Она потянулась за коробкой с бусами. Коробка упала. Бусы рассыпались по дивану. Она подошла к окну и стала смотреть вниз на вечернюю Парк-авеню. В резком белом свете фонарей улица выглядела надменной, неприступной. В этой сплошь каменной респектабельной улице было что-то такое, о чем она интуитивно догадывалась, хотя и не могла бы точно определить. Казалось, будто и сами здания, и живущие в них люди задались целью во что бы то ни стало соответствовать некоему «шикарному» имиджу, сути которого она не понимала, но безошибочно угадывала, когда принимала решение, что подавать на стол, какую мебель покупать, в какой цвет красить стены. Это была амбиция столь же поверхностная, как и рождественское веселье Клэя.

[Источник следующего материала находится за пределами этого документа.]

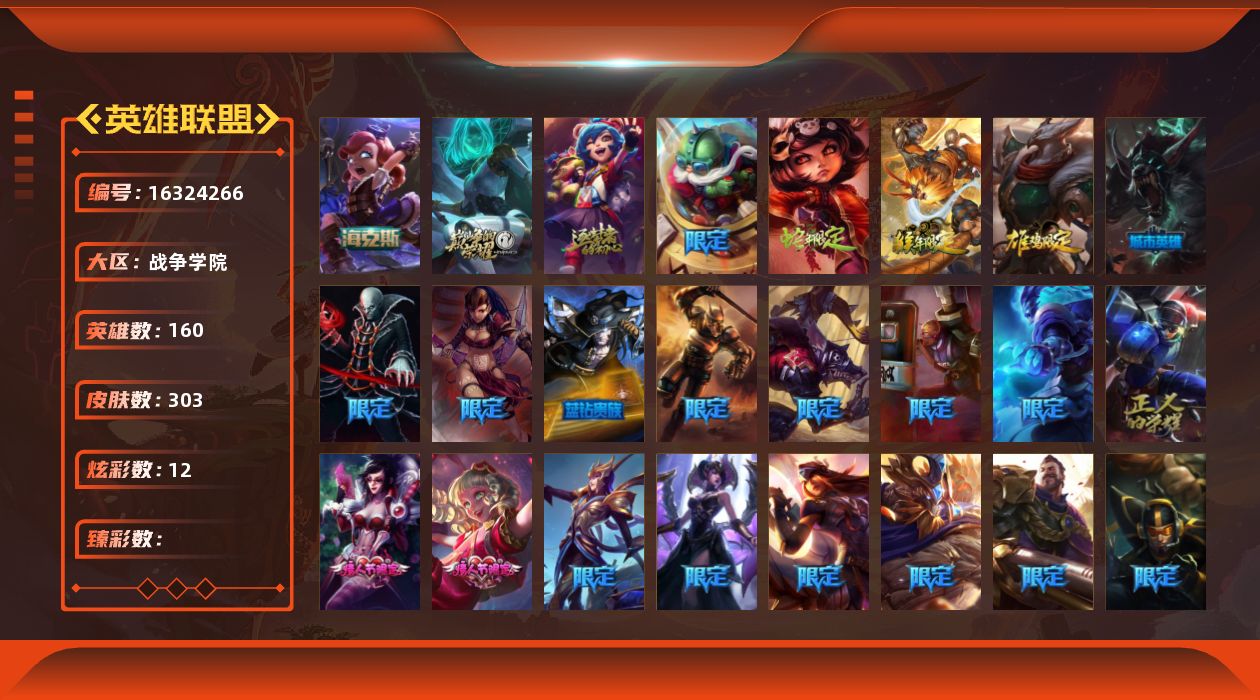 - [16651790]【店主推荐捡漏号】未定级段位-170英雄-487皮肤-28炫彩-3终极-2神话-82限定-34传说-128史诗 【臻彩皮肤】:魔女阿卡丽虚荣 【年限皮肤】:神龙烈焰金克丝,美猴王孙悟空,紫金罗刹莫甘娜,玉净夜叉凯特琳,南天之怒沃里克,春晖神女拉克丝,王国机神苍狼瑟提 【情人节限定】:甜心宝贝安妮 【冰雪限定】:幸福女神乐芙兰,圣诞开心鬼提莫,圣诞精灵崔丝塔娜,圣诞狂欢努努和威朗普,圣诞糖果棒厄运小姐,圣诞狂欢基兰,阿木木“主人不要我了”,胡桃夹子萨科,冰封王子蒙多,平安夜女神娑娜,英勇玩具兵普朗克,邪恶圣诞老人维迦,夺命美人卡特琳娜,喜庆之树茂凯,冬季仙境奥莉安娜,雪默丁格,雪装奈德丽,圣诞玩偶波比,圣诞老人古拉加斯,圣诞驯鹿克格莫,魄罗骑士瑟庄妮,寒冬精灵璐璐,冰雪节辛吉德,冰雪女神辛德拉 【终极皮肤】:大元素使拉克丝,灵魂守卫乌迪尔,未来战士伊泽瑞尔 【神话皮肤】:十周年纪念安妮,神凰行者瑞羽圣凰艾尼维亚 【限定皮肤】:哥特萝莉安妮,钢铁军团拉克丝,暗黑灵魂阿利斯塔,卧虎藏龙贾克斯,诺斯费拉图弗拉基米尔,斩星魔剑易,Fnatic古拉加斯,Fnatic迦娜,暗杀星蒙多,暗杀星努努和威朗普,暗杀星慎,SKTT1劫,SKTT1婕拉,SSW辛吉德,SSW图奇,勇敢的心德莱厄斯,胜利枪神卢锡安,胜利之王泰达米尔,胜利巨口克格莫,海贼瑞兹,南瓜头费德提克,鬼影重重魔腾,鬼影森森茂凯,无头骑士赫卡里姆,魅惑女巫奈德丽,糖果使徒费德提克,泳池派对厄运小姐,泳池派对菲奥娜,泳池派对格雷福斯,泳池派对雷克顿,泳池派对李青,机械迷城加里奥,蓝色忧郁崔斯特,蒙多蒙多,密林猎手提莫,女猎手希维尔,外星装甲库奇,暗影沃里克,野兽猎人德莱文,野兽猎人瑟庄妮,波比的巧克力工坊,勇者奈德丽,都铎王朝图奇,钢铁之翼艾尼维亚,红桃杰克崔斯特,制胜金球拉莫斯,防暴机器人布里茨,防暴士兵辛吉德,警用试作体K9内瑟斯,克格汪 【传说皮肤】:地狱之门卫士加里奥,魔幻卡牌崔斯特,大天使长米迦勒凯尔,战场女武神凯尔,钢铁之翼凯尔,约德尔国队长提莫,烈焰雄心崔丝塔娜,合金巨兽努努和威朗普,女皇艾希,源计划联合艾希,绅士科加斯,双重冰晶艾尼维亚,律政大亨蒙多,女主播迦娜,最终BOSS维迦,女警狙击凯特琳,未来战士凯特琳,上古战魂魔腾,银河魔装机神兰博,第三类接触黑默丁格,炼狱魔犬内瑟斯,死亡骑士盖伦,钢铁军团盖伦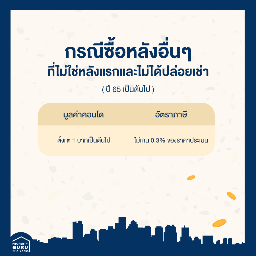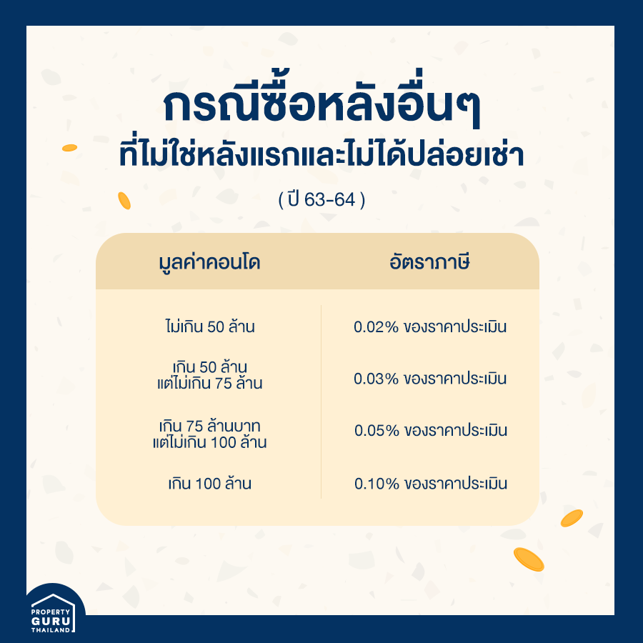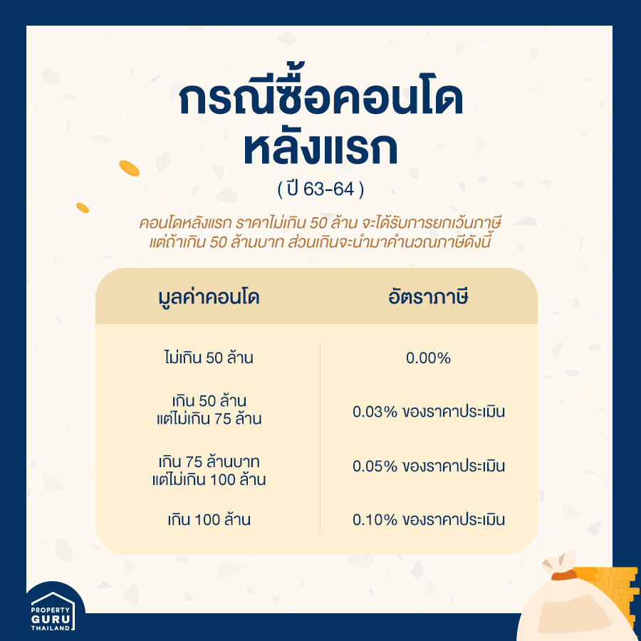 1) คอนโดหลังแรก หรือหลังอื่นๆ ที่ไม่ได้ปล่อยเช่า จะเข้าข่ายใช้ "เพื่ออาศัย" อัตราภาษีมีตั้งแต่ 0% (ยกเว้นสำหรับหลังแรกที่ราคาประเมินไม่เกิน 50 ล้านบาท) ไปจนถึงสูงสุดคือ 0.30% (บ้านหลังแรกราคาประเมินเกิน 50 ล้านบาท) ซึ่งการจะดูว่าเป็นคอนโดหลังแรกหรือไม่ ให้ดูจากว่าเรามีชื่อในทะเบียนบ้านคอนโดห้องไหน ห้องนั้นๆ ก็จะเป็นคอนโดหลังแรก

От ее дыхания стекло запотело. О чем думают счастливые люди, глядя из окна на темную улицу? Глупый вопрос. Счастливые люди вечерами не стоят у окна.

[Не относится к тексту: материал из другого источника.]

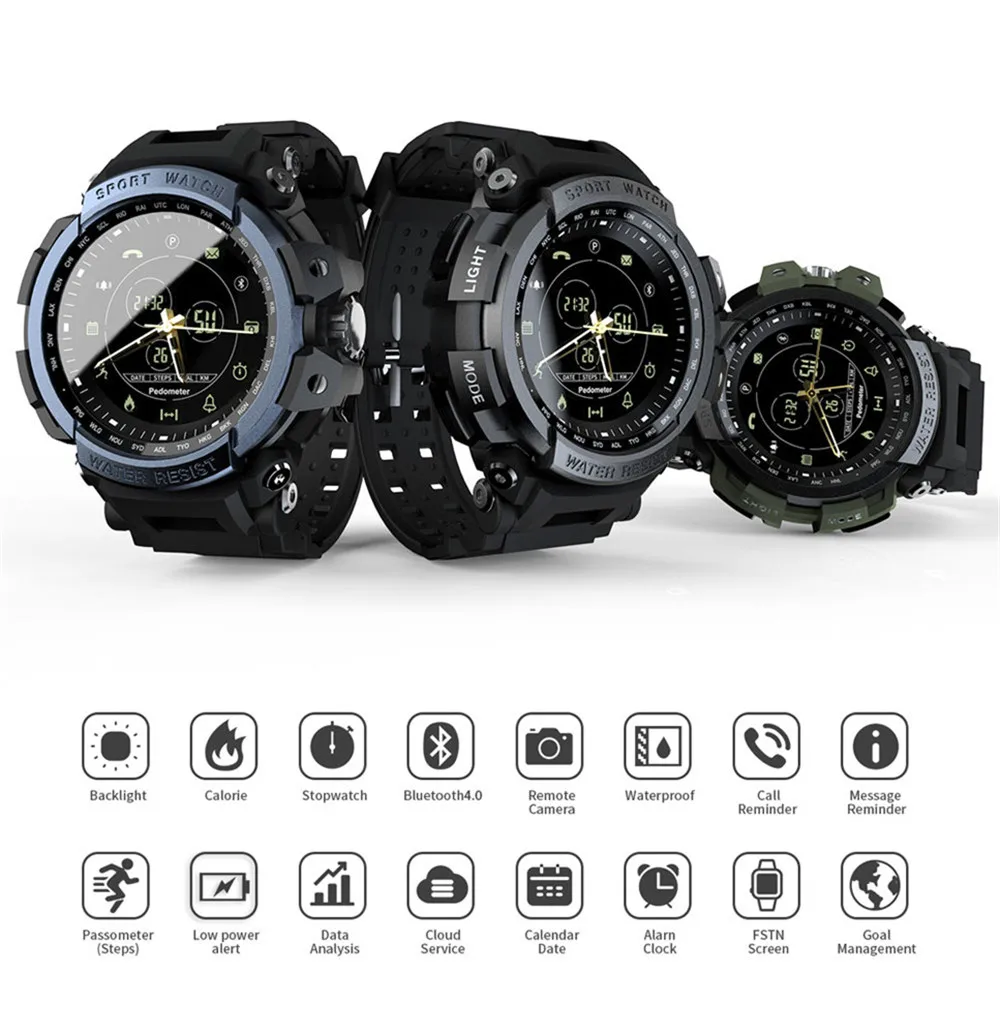 1. Профессиональная стандартная гидроизоляция Разработан в соответствии с международными стандартами IP68Водонепроницаемость до 50 метровМожет легко защитить от дождя и пыли2. Множество функций для ваших нуждЗапись данных о движенииШагомерКалорииПробег (км)Удаленная камераБудильникНапоминание о звонках и SMS3. Более профессиональный дизайн циферблата для вас Чехол изготовлен из сплава металла, который прочнее.4. Напоминание информации Когда у вас есть телефонный звонок или сообщение, он издает звук, чтобы напомнить вам5. Удаленная камера Когда телефон подключен к часам, просто нажмите кнопку на часах, чтобы завершить фотосессию6. Не нужно заряжать Используйте аккумулятор s CR2430, срок службы батареи 8 месяцев при нормальном использовании, срок службы батареи 12 месяцев в энергосберегающем режиме7. Будильник 3 будильника можно установить из приложения8.Bluetooth 4,0 совместим с Android и iPhone Подключите телефон для отображения активности или Используйте приложение Sports +9. Облачное хранилище данных 1) данные о движении могут храниться на часах в течение 15 дней2) загрузите на облачный сервер и сохраните его постоянно3) доступ к нему с телефона4) поделитесь своими данными упражнений в социальных сетях5) приложения и фоновые сервера поддерживают глобальную сеть6) вы можете поделиться своими спортивными данными и рейтингами с друзьями по всему миру

На углу компания из двенадцати человек — женщины в мехах, мужчины в смокингах — весело разбивалась на группки, чтобы водители могли рассадить их по лимузинам. Их оживленные голоса и смех доносились даже к ней на девятый этаж. Она сжала пальцы в кулак и в отчаянии поднесла руку ко рту. Стоит дать себе волю, и бессмысленная невыразимая тоска прорвется наружу, да так, что слышно будет в каждой комнате.

— Ма-а-ма! Мама! — позвала Бет.

— Да?

— А яйца фаршировать или пустить их на салат? — спросила Бет в дверях.

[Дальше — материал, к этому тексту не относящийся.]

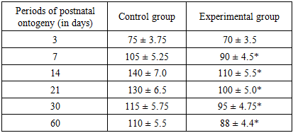 When comparing the cerebral cortex of the rats in the control and experimental groups, it was found that by the 14th day of the experiment, neurocytes had lost their typical pyramidal shape. These cells had acquired a long shape with no clear boundaries. On the 14th day of the experiment, it was found that the density of neurons in the rats born to mothers with metabolic syndrome was higher than in the control group. When comparing the histological structure of the brains of the offspring born to mothers in the experimental and control groups, it was found that by the 14th day, the cortex was fully formed. In the rats in the experimental group, as in the control group, bipolar cells with 2-4 nuclei were detected in the cerebral cortex. The 2nd and 3rd layers of the cerebral cortex are densely located. At this time, the difference in the brains of the rats in the control and experimental groups is not noticeable. The cortical neurocytes in the experimental group are relatively round and smaller in size than those in the control group. These neurocytes have a small rim in their cytoplasm, and the nucleus is brightly colored and relatively larger in size. On day 14, the prefrontal cortex of the control group is characterized by high cell density, a clear layered structure, and active synaptogenesis.However, in the experimental group of children born to mothers with metabolic syndrome, the cell density remains low, and the number of mature neurons in layers II–III is statistically significantly reduced (p<0.05).In control animals, basophilic substance is formed in the form of flakes in the apical and basal zones of the cytoplasm of large cells, while in experimental animals, the cytoplasm of such cells is diffusely stained with thionin, and Nissl substance is located in the perinuclear area of the cytoplasm.The brains of the offspring born to rats from the control group are fully formed by day 21, the morphological structure of neurocytes is fully formed. In most of the cells of various sizes, both large and small, in different layers of the cortex, basal growths are clearly visible, and the nuclei are mainly round in shape.The neurocytes in the brains of the offspring in the 21-day experimental group were pale in color, with poorly developed cytoplasm, round in shape, and neurocytes were often located perinuclearly, and in some neurocytes they were located in the basal region. Neuroocytes had a rough structure, and the boundaries of the nucleus were clear. By this period of the experiment, a decrease in neurocytes was observed. It was found that the sizes of neurocytes were smaller than those in the control group at this day of the experiment. This was especially clearly reflected in the cytoplasm. The boundaries of the cytoplasm and nucleus were not clear when compared with the control group. The location of the basophilic substance in the cytoplasm of neurocytes located in the hippocampus differed from that in the control group. It was found that the basophilic substance was located in the center of the cytoplasm, and the periphery was more fluid. By the 21st day of the experiment, pathologically changed cells began to be detected in the hippocampus. Here, solitary cells with a whitish cytoplasm and a swollen nucleus could be found.By the 30th day of the experiment, it was found that large and medium-sized neurocytes of the hippocampus were vacuolated, and there was a perinuclear swelling in their cytoplasm. The boundaries of the nuclei of these cells were clearly defined, and the nucleus was visible in the form of a small black dot. At this time, shadow cells of neurocytes were detected. At this time, focal lysis of neurocytes was detected.By the 60th day of the experiment, the structure of neurocytes in the experimental group was different from that in the control group. By this time, cells with vacuolated cytoplasm were found singly, and the cytoplasm of neurocytes mainly had a reticular structure. Basophilic substance was located around the nucleus. The nuclei of these cells were found to be of a fluid color. Their size was increased compared to that in the control group. Chromatin balls were found to be located in most cases on the periphery of the nucleus. By the 60th day, the cellular architecture of the prefrontal layer in the control group was stabilized and layered structures were fully formed. In the experimental group, the cell density is much less compared to the control, there is a violation of the layer structure, a decrease in the number of pyramidal neurons, and an increase in glial elements. This indicates that the process of chronic neuroinflammation continues in the brain tissue.Thus, the results of this study showed that offspring born to mothers with metabolic syndrome experience morphological changes in the cerebral cortex.Table 2 consistent increase in cell density was observed in the control group at different periods of postnatal ontogenesis: on the 3rd day — 75 thousand h/mm², on the 7th day — 105 thousand h/mm², on the 14th day — 140 thousand h/mm², on the 21st day — 130 thousand h/mm², on the 30th day — 115 thousand h/mm² and on the 60th day — 110 thousand h/mm². In the animals of the experimental group (children born to mothers with metabolic syndrome), these indicators were lower: 70, 90, 110, 100, 95 and 88 thousand h/mm², respectively.Table 2. Cell density in the prefrontal layer (thousand cells/mm²)  |

— Фаршируйте, — ответила она, не оборачиваясь.

— А что ты там делаешь?

— Смотрю, что это за шум на улице. От кого-то расходятся гости, сейчас сядут в лимузины и поедут дальше. — И, как в детстве, взмолилась про себя: возьмите меня с собой, увезите отсюда!

— Я думала, ты наряжаешь елку.

— Я и наряжаю. Не видишь, уже почти все сделано.

— Кричать-то зачем?

— Пожалуйста, займись яйцами. Оставьте все меня в покое!

— Хорошо, хорошо! Господи Боже ты мой! — Бет с ужасным грохотом хлопнула дверью. Елка задрожала на своей подставке.

Синтия тут же перестала думать о себе и переключилась на Бет, чего та и добивалась в последнее время. Бет что-то тревожило, но в чем дело — она не говорила, а может, и сама не знала. Дочь утверждала, что ей нравится в Хоуп-Холле, наверно, даже искренне, но оценки у нее были неважные, и в записке директрисы, присланной вместе с табелем, говорилось, что учителей беспокоит ее «настроение». Она ни с кем в школе не подружилась, даже не записалась в кружок современного танца, а уж здесь-то она могла бы блеснуть и заработать какой-то авторитет у одноклассниц.

Во время каникул она вела себя очень неровно и вызывающе. Иногда вдруг подсаживалась к Клэю, совсем близко, чуть ли не на колени. А иногда Синтия перехватывала ее взгляд, обращенный в его сторону — какой-то затравленный, враждебный. И при этом Бет всегда ухитрялась выжать из него больше денег, чем он собирался ей дать. Скажем, если он давал Бет и Саре поровну на кино и автобус, она приставала к нему до тех пор, пока он не раскошеливался ей и на такси. Несколько дней назад она пожаловалась, что все девочки в школе очень хорошо одеваются, а ее гардероб не соответствует тамошнему уровню и она выглядит провинциалкой. Клэй с ходу попался на удочку и послал обеих девочек в магазин Закса, где они накупили шерстяных кофточек, юбок, сумок и туфель — аж на две тысячи! В общем, отвели душу. Кажется, должна бы радоваться, а она вернулась из магазина мрачнее тучи.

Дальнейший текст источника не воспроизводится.